» **YOUR TASK**:
As written and without pictures, set down the lines from the one that contains "Poste Radio CB" through the end of the data.

» **DATA SECTION**:
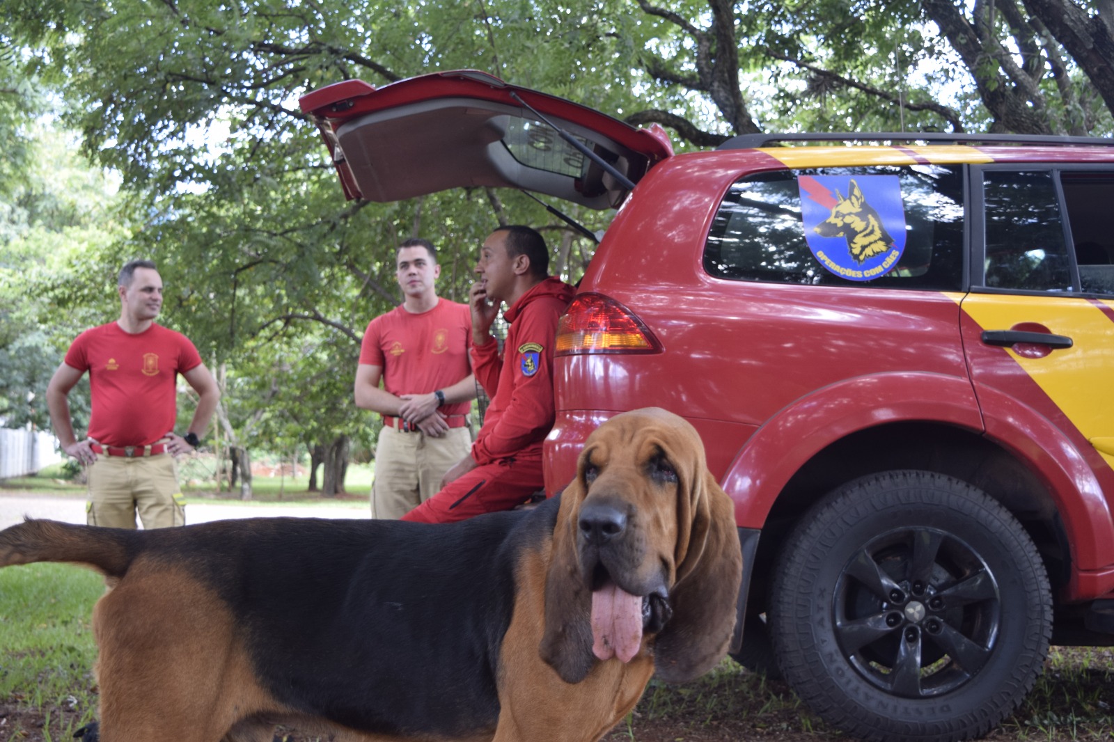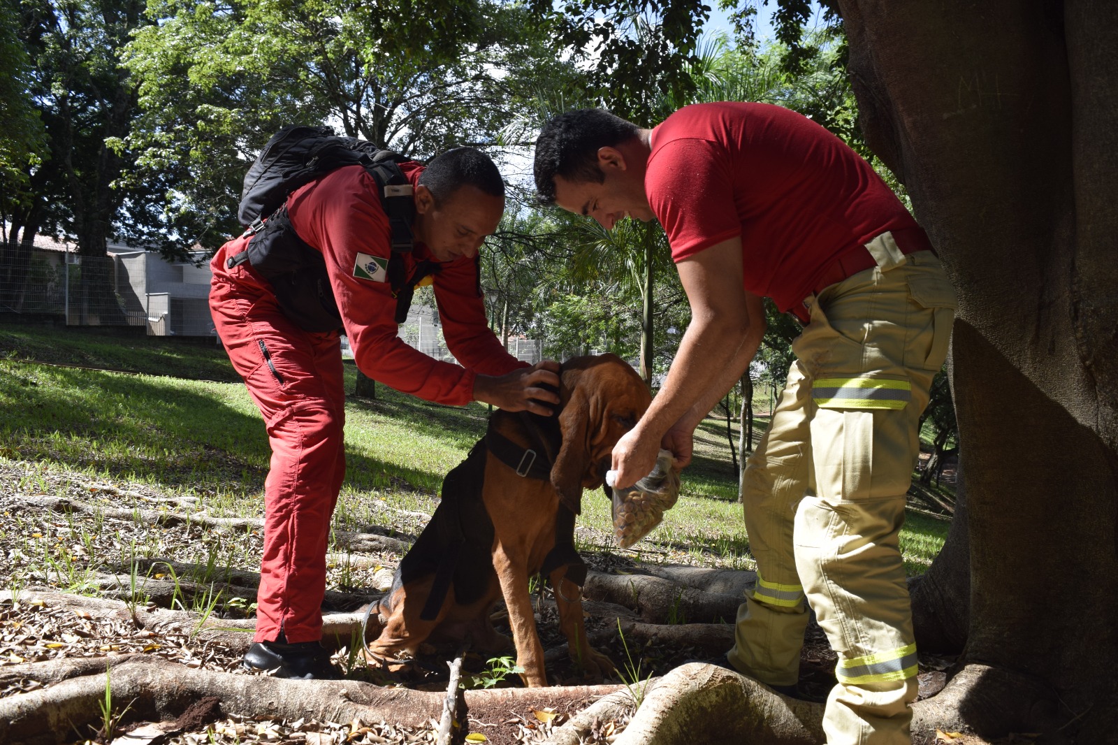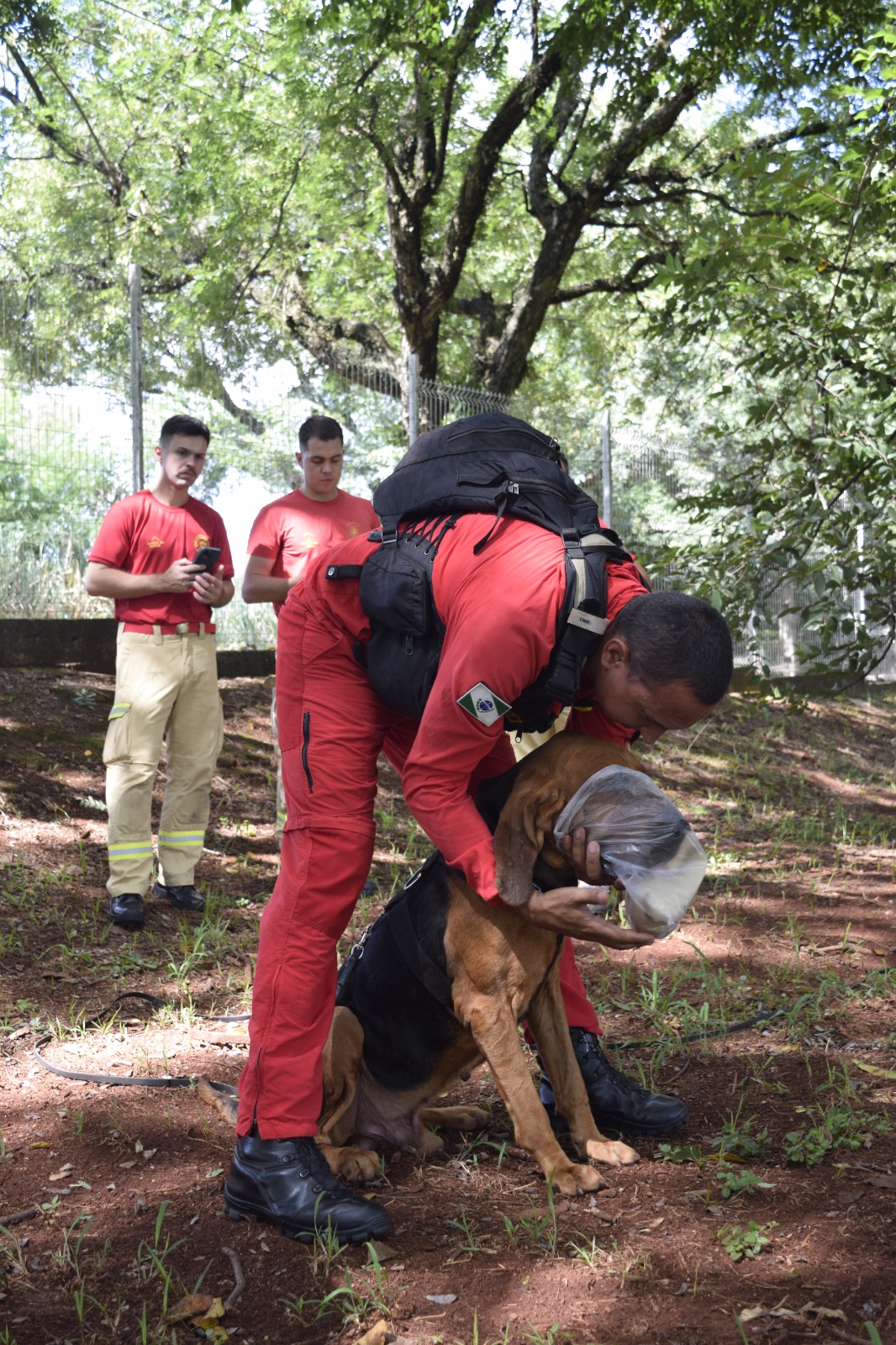Em situações de desaparecimento de pessoas, vítimas presas em colapsos estruturais, soterradas assim como em busca de cadáveres o emprego de cães vem sendo amplamente utilizado nas buscas terrestres, otimizando resultados e reduzindo tempo-resposta. Por outro, a aplicação desse recurso requer um binômio treinado: homem e cão treinados previamente para a situação que é extremamente desafiadora, hostil e desgastante.
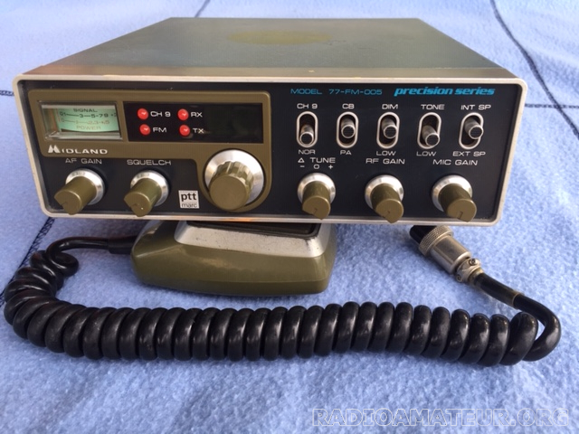 Poste Radio CB Midland pour Collection Comme en attestent les clichés proposés, il s’agit d’une CB Modèle : 77-FM 005 22 canaux FM de la marque MIDLAND. Ce poste est livré avec câble d’alimentation et microphone. Il est fonctionnel y compris les leds et l’éclairage du smeter. A signaler et comme à peine visible sur son capot supérieur une trace d’autocollant est présente
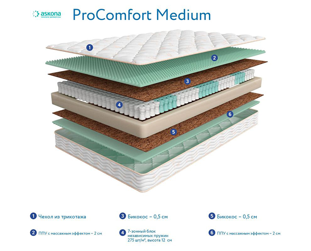 Интернет магазин OCO.BY представляет Вашему вниманию матрас Аскона 3.0 ProComfort Medium. Заказать и купить матрас Аскона3.0 ProComfort Medium очень просто - вам достаточно оформить заказ онлайн либо по телефону. Мы доставим вашу покупку в любую точку Минска и области.

» **ANSWER SPACE**:
 Poste Radio CB Midland pour Collection Comme en attestent les clichés proposés, il s’agit d’une CB Modèle : 77-FM 005 22 canaux FM de la marque MIDLAND. Ce poste est livré avec câble d’alimentation et microphone. Il est fonctionnel y compris les leds et l’éclairage du smeter. A signaler et comme à peine visible sur son capot supérieur une trace d’autocollant est présente
 Интернет магазин OCO.BY представляет Вашему вниманию матрас Аскона 3.0 ProComfort Medium. Заказать и купить матрас Аскона3.0 ProComfort Medium очень просто - вам достаточно оформить заказ онлайн либо по телефону. Мы доставим вашу покупку в любую точку Минска и области.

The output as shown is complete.